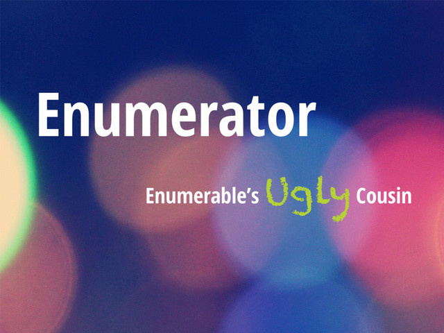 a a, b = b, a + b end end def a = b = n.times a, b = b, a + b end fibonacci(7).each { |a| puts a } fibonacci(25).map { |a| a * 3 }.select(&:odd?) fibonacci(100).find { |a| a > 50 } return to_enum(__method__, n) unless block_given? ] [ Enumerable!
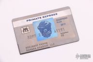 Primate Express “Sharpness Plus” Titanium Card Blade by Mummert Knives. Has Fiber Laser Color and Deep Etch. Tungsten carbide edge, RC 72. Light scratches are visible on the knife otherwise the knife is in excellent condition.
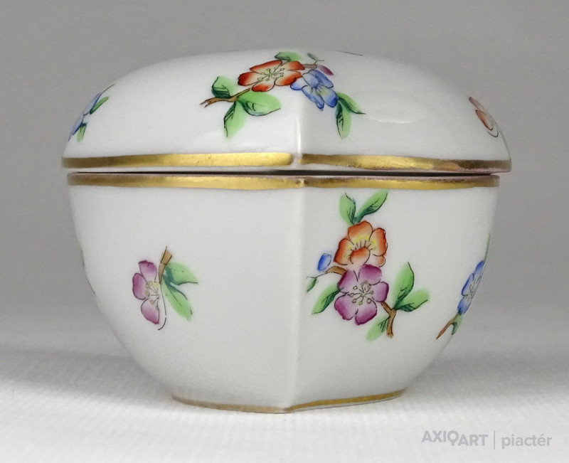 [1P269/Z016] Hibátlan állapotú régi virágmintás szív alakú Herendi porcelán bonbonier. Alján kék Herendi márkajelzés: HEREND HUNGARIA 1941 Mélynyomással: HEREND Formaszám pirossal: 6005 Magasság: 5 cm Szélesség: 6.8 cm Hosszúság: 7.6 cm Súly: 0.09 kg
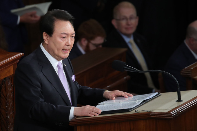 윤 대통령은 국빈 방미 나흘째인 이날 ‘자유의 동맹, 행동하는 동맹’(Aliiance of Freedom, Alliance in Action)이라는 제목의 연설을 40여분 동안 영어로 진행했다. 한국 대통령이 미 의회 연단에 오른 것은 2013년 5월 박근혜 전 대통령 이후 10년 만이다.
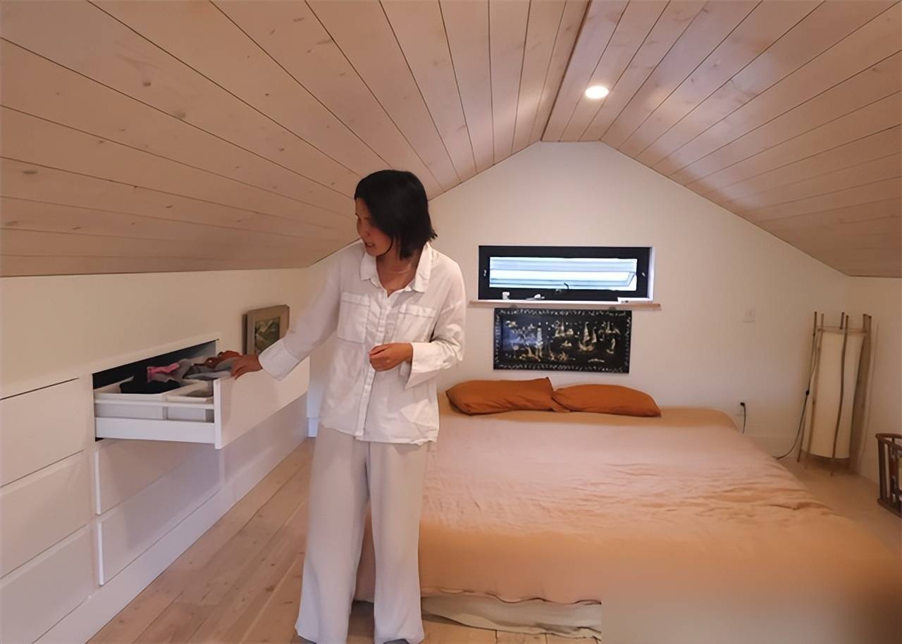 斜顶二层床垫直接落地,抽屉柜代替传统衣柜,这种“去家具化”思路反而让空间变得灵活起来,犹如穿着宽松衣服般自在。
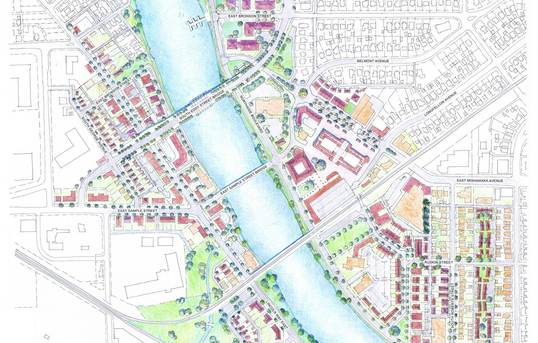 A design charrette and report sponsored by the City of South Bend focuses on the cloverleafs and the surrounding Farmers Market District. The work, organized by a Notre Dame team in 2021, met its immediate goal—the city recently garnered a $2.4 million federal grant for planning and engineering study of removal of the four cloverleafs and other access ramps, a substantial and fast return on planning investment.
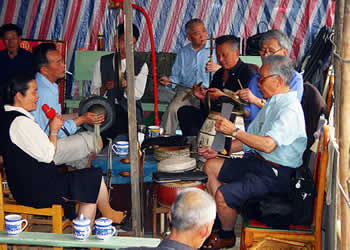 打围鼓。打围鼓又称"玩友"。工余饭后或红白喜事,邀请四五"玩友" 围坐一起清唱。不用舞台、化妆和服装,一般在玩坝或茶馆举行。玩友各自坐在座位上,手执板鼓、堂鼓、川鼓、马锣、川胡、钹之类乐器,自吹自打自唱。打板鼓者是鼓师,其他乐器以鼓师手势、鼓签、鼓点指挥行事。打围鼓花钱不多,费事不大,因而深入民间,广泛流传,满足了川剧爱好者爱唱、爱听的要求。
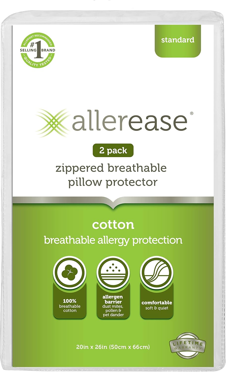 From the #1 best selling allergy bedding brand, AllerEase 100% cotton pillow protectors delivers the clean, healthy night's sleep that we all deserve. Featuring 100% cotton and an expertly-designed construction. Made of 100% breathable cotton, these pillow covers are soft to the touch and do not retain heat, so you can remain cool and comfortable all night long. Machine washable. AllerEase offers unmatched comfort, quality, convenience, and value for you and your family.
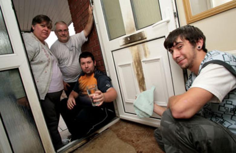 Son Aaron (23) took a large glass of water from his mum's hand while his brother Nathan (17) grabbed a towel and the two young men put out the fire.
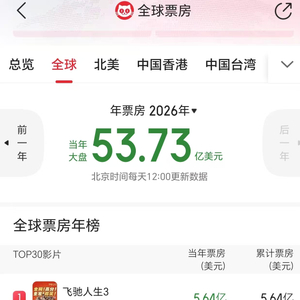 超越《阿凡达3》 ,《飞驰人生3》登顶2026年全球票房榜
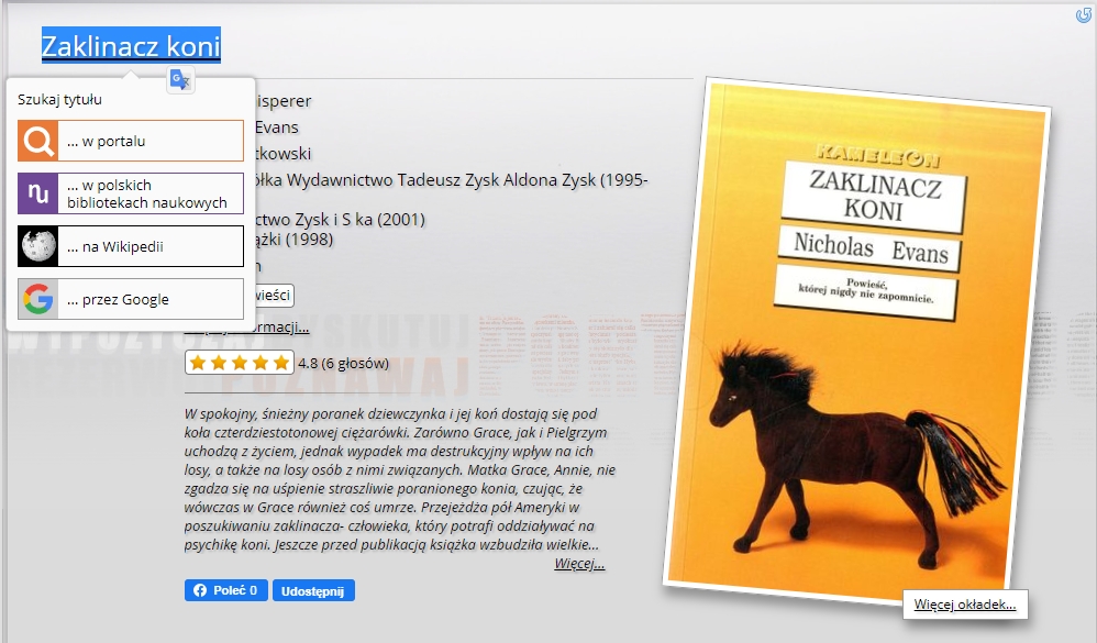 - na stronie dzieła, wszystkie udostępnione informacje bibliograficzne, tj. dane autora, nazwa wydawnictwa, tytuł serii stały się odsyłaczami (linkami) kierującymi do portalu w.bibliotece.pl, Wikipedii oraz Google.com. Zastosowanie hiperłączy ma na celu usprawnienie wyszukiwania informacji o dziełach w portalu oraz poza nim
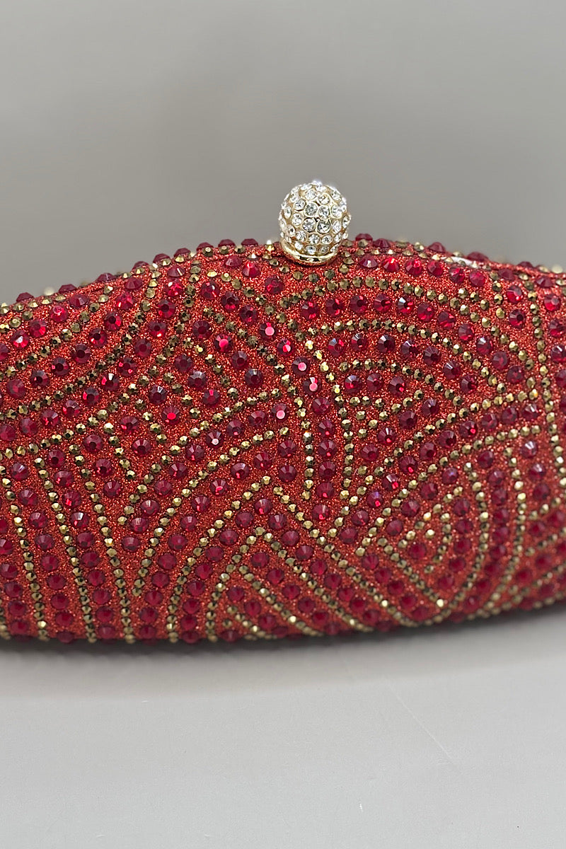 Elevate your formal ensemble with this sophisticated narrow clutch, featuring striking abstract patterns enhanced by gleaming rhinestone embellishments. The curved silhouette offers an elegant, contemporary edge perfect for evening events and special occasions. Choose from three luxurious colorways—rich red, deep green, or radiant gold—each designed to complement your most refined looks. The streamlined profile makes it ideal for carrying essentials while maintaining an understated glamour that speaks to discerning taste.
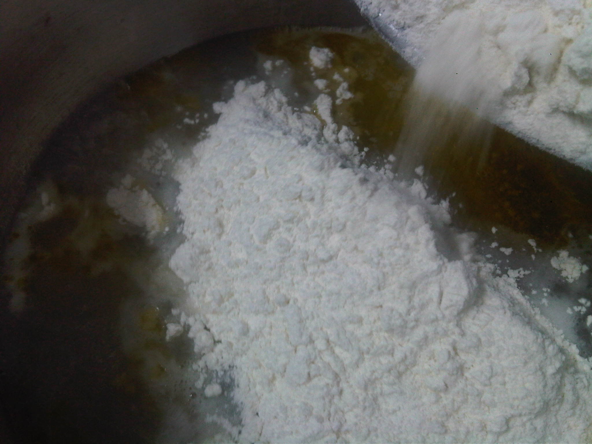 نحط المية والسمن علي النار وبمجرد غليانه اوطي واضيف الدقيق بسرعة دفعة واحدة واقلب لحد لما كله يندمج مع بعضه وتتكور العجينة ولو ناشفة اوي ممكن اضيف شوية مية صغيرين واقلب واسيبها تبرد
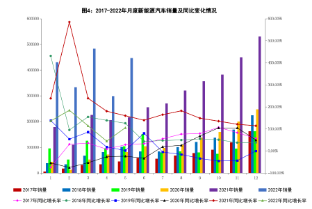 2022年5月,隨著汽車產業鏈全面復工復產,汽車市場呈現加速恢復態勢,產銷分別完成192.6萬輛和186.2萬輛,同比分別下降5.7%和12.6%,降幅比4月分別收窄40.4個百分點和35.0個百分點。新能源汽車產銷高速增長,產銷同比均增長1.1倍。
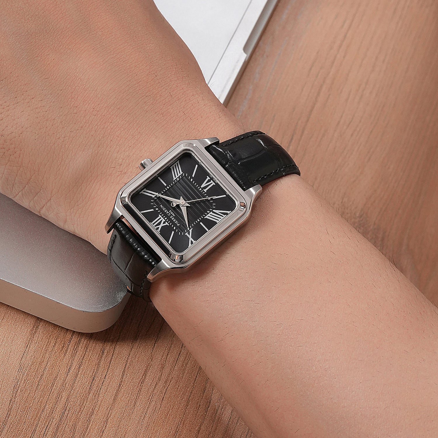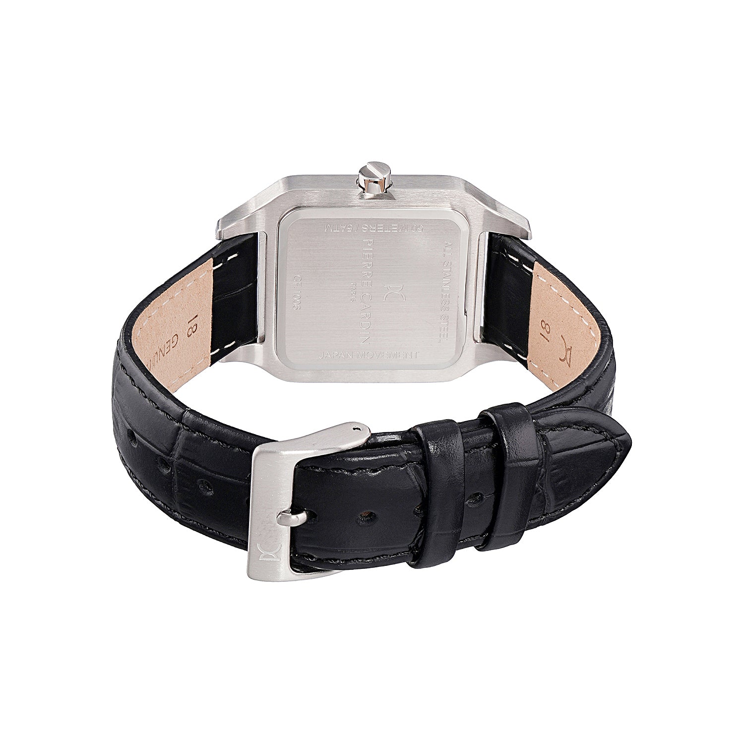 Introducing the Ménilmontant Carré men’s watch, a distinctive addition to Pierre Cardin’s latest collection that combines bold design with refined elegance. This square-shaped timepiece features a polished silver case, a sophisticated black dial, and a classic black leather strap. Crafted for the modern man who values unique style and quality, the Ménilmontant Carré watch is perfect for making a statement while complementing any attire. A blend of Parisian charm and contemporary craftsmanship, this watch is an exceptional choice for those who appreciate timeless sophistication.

▸ What you need to do: Return the records exactly. Don't carry the pictures over.

▸ Completed exercise:
 a a, b = b, a + b end end def a = b = n.times a, b = b, a + b end fibonacci(7).each { |a| puts a } fibonacci(25).map { |a| a * 3 }.select(&:odd?) fibonacci(100).find { |a| a > 50 } return to_enum(__method__, n) unless block_given? ] [ Enumerable!
 Primate Express “Sharpness Plus” Titanium Card Blade by Mummert Knives. Has Fiber Laser Color and Deep Etch. Tungsten carbide edge, RC 72. Light scratches are visible on the knife otherwise the knife is in excellent condition.
 [1P269/Z016] Hibátlan állapotú régi virágmintás szív alakú Herendi porcelán bonbonier. Alján kék Herendi márkajelzés: HEREND HUNGARIA 1941 Mélynyomással: HEREND Formaszám pirossal: 6005 Magasság: 5 cm Szélesség: 6.8 cm Hosszúság: 7.6 cm Súly: 0.09 kg
 윤 대통령은 국빈 방미 나흘째인 이날 ‘자유의 동맹, 행동하는 동맹’(Aliiance of Freedom, Alliance in Action)이라는 제목의 연설을 40여분 동안 영어로 진행했다. 한국 대통령이 미 의회 연단에 오른 것은 2013년 5월 박근혜 전 대통령 이후 10년 만이다.
 斜顶二层床垫直接落地,抽屉柜代替传统衣柜,这种“去家具化”思路反而让空间变得灵活起来,犹如穿着宽松衣服般自在。
 A design charrette and report sponsored by the City of South Bend focuses on the cloverleafs and the surrounding Farmers Market District. The work, organized by a Notre Dame team in 2021, met its immediate goal—the city recently garnered a $2.4 million federal grant for planning and engineering study of removal of the four cloverleafs and other access ramps, a substantial and fast return on planning investment.
 打围鼓。打围鼓又称"玩友"。工余饭后或红白喜事,邀请四五"玩友" 围坐一起清唱。不用舞台、化妆和服装,一般在玩坝或茶馆举行。玩友各自坐在座位上,手执板鼓、堂鼓、川鼓、马锣、川胡、钹之类乐器,自吹自打自唱。打板鼓者是鼓师,其他乐器以鼓师手势、鼓签、鼓点指挥行事。打围鼓花钱不多,费事不大,因而深入民间,广泛流传,满足了川剧爱好者爱唱、爱听的要求。
 From the #1 best selling allergy bedding brand, AllerEase 100% cotton pillow protectors delivers the clean, healthy night's sleep that we all deserve. Featuring 100% cotton and an expertly-designed construction. Made of 100% breathable cotton, these pillow covers are soft to the touch and do not retain heat, so you can remain cool and comfortable all night long. Machine washable. AllerEase offers unmatched comfort, quality, convenience, and value for you and your family.
 Son Aaron (23) took a large glass of water from his mum's hand while his brother Nathan (17) grabbed a towel and the two young men put out the fire.
 超越《阿凡达3》 ,《飞驰人生3》登顶2026年全球票房榜
 - na stronie dzieła, wszystkie udostępnione informacje bibliograficzne, tj. dane autora, nazwa wydawnictwa, tytuł serii stały się odsyłaczami (linkami) kierującymi do portalu w.bibliotece.pl, Wikipedii oraz Google.com. Zastosowanie hiperłączy ma na celu usprawnienie wyszukiwania informacji o dziełach w portalu oraz poza nim
 Elevate your formal ensemble with this sophisticated narrow clutch, featuring striking abstract patterns enhanced by gleaming rhinestone embellishments. The curved silhouette offers an elegant, contemporary edge perfect for evening events and special occasions. Choose from three luxurious colorways—rich red, deep green, or radiant gold—each designed to complement your most refined looks. The streamlined profile makes it ideal for carrying essentials while maintaining an understated glamour that speaks to discerning taste.
 نحط المية والسمن علي النار وبمجرد غليانه اوطي واضيف الدقيق بسرعة دفعة واحدة واقلب لحد لما كله يندمج مع بعضه وتتكور العجينة ولو ناشفة اوي ممكن اضيف شوية مية صغيرين واقلب واسيبها تبرد
 2022年5月,隨著汽車產業鏈全面復工復產,汽車市場呈現加速恢復態勢,產銷分別完成192.6萬輛和186.2萬輛,同比分別下降5.7%和12.6%,降幅比4月分別收窄40.4個百分點和35.0個百分點。新能源汽車產銷高速增長,產銷同比均增長1.1倍。
 Introducing the Ménilmontant Carré men’s watch, a distinctive addition to Pierre Cardin’s latest collection that combines bold design with refined elegance. This square-shaped timepiece features a polished silver case, a sophisticated black dial, and a classic black leather strap. Crafted for the modern man who values unique style and quality, the Ménilmontant Carré watch is perfect for making a statement while complementing any attire. A blend of Parisian charm and contemporary craftsmanship, this watch is an exceptional choice for those who appreciate timeless sophistication.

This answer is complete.